Lajo Dada (a.k.a. Langu Himal), Northern Glacier and West-Northwest Ridge
Nepal, Shingri Himal
On October 17 three young climbers from the Tomon Alpine Club—Norifumi Fukuda, a senior student at Waseda University, and two recent graduates, Kojuro Hagihara and me—made the first ascent of Lajo Dada (6,426m, 28°32'45.33"N, 85°3'12.18"E). This peak was opened by the Nepalese government in 2014 and lies west of the Tsum Valley, a little south of 6,065m Tabsar.
The Tsum Valley was only opened for trekking in 2008. Our only information about the peak was from Google Earth and a 1:50,000 map—this made the expedition quite adventurous, even for the approach.We set up base camp at 4,650m, above Mu Gompa (monastery) in the main valley. Establishing Camp 1 was a slow process, due to some illness and our need to acclimatize. We climbed a gully, then slanted left to reach the foot of the glacier (which we called Waseda Glacier). Twenty meters of 2nd-class rock led onto the glacier. At a flat spot with a small pool at 5,200m, we established Camp 1 on October 7.
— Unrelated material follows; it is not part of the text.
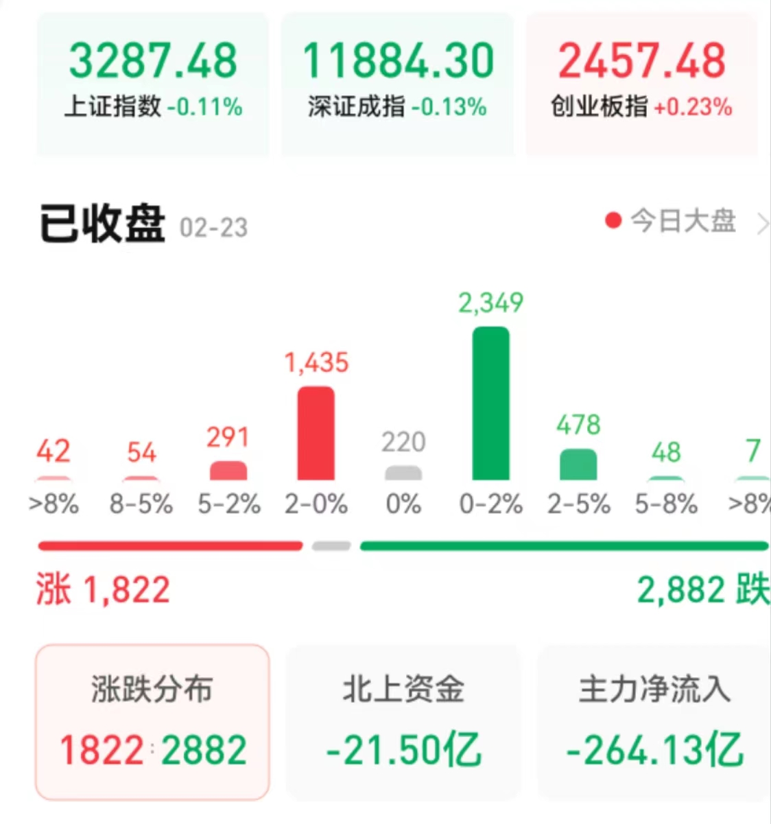 周四(2月23日),A股三大指數(shù)繼續(xù)震蕩分化。截至收盤,上證指數(shù)跌0.11%報3287.48點,深證成指跌0.13%報11884.3點,創(chuàng)業(yè)板指漲0.23%報2457.48點;兩市合計成交8073億元,北向資金凈賣出21.5億元??傮w上看,兩市個股跌多漲少。

We then spent three days setting up Camp 2 at 5,730m. Reaching that point was harder than we had imagined. On the first day we reached 5,400m, fixing 10m sections of WI3 and a sketchy à cheval snow bridge. The second day we extended the route to 5,650m. Above the previous day’s high point, we climbed a 10m icewall, then moved right along a huge serac until I could climb and fix a 25m snow/ice section of 85° (WI4). The terrain above was like a maze, but we eventually found a weak point in the ice walls, climbing a 10m section of ice and unstable sugar snow at WI4. On the third day we regained our high point, then walked up to establish Camp 2 before returning to base camp for a good rest.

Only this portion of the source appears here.